Teilweise werden die Vorgaben des G-BA zur Steigerung der Mindestmengen diese Effekte ohnehin fördern, etwa bei den Pankreas-Operationen, bei denen die derzeitige Mindestmenge bei zehn Fällen pro Jahr liegt. Ab 2025 gilt eine Mindestmenge von 20 Fällen pro Jahr. Voraussichtlich werden dann nur noch fünf bis sieben Krankenhäuser diese Mindestzahlen erfüllen. Zuletzt haben bis zu 18 Kliniken pro Jahr derartige Operationen durchgeführt. Hier zeigt sich die andere Seite der gestuften Versorgung in Sachsen-Anhalt: Komplexe und lebenswichtige Operationen werden zentralisiert in spezialisierten Krankenhäusern erbracht, weil dies nachweislich die besseren medizinischen Ergebnisse liefert.
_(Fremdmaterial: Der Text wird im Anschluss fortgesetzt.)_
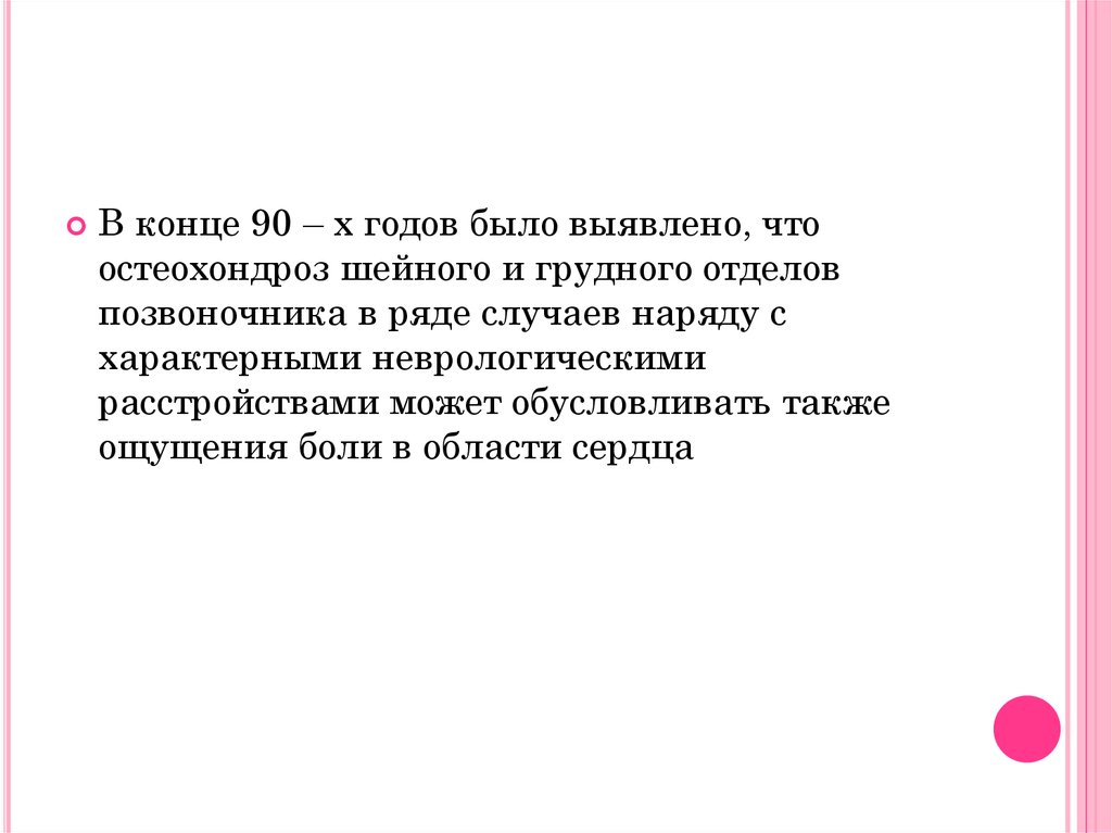 В конце 90 – х годов было выявлено, чтоостеохондроз шейного и грудного отделов
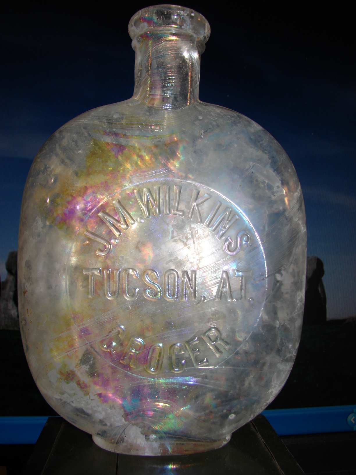ID:	334427ed other devices as well and always go back to the rod. Here in AZ need one with a slide hammer for the top layer. I spoke with Eric Foster years ago about one of his first PI units being built to find roman burn pits. I am taking some plots of pulse responses from dug privies and untouched privies and the surrounding undestrurbed ground. My goal is to build a PI for the explicit purposes of finding these Outhouse pits. Sorry to hijack your thread.....attached a picture of one of my finds, it is an unknown whiskey from 1883. A.T. is of course Arizona Territory. Will keep my education going by reading as much of the old posts as possible. Happy New Year, Karl

Ambulant und stationär enger verzahnen
Die Gutachter halten es für unbedingt erforderlich, dass alle Möglichkeiten einer sektorenübergreifenden Versorgung genutzt werden. Dies betrifft einerseits bereits etablierte Modelle der Zusammenarbeit zwischen niedergelassenen Ärztinnen und Ärzten und den Krankenhäusern, die ausgebaut werden können. Dazu zählen aber auch ambulante Angebote (MVZ) durch Krankenhäuser oder ggf. auch Kommunen. Notwendig sind aber auch neue Modelle, in denen Krankenhausärzte im Bereich der ambulanten Behandlung Lücken füllen und tätig werden können. Hier sind einige, noch nicht sehr oft genutzte Möglichkeiten vorhanden. Im Rahmen von Modellprojekten kann das Land hier neue Ansätze weiter erproben. Das Land fördert in diesem Sinne bereits die engere Verzahnung von ambulanten und stationären Angeboten an den Krankenhäusern in Gardelegen. Geplant ist auch ein Projekt in Genthin zur Erprobung einer ambulant-stationären Versorgung.
Rolle der Unikliniken
Die Universitätskliniken sollen künftig eine stärkere Steuerung übernehmen. Nötig sei eine „koordinierende Rolle und die Projektmanagementkompetenz, um neue Ansätze zur Verbesserung der Versorgung in die Umsetzung zu bringen“. Durch Telemedizin sollen Experten beispielsweise kleinere Kliniken unterstützen. So könnten Spezialisten in die Behandlung eingebunden werden, ohne dass die Patienten lange Fahrzeiten auf sich nehmen müssten, hieß es. Die Versorgung müsse insgesamt effizienter werden, sagte der Ärztliche Direktor des Universitätsklinikums Halle, Thomas Moesta.
Das Gutachten wird in den kommenden Wochen final abgeschlossen und soll unter Berücksichtigung der Krankenhausreform des Bundes die Grundlage für die weiteren Planungen im Land sein.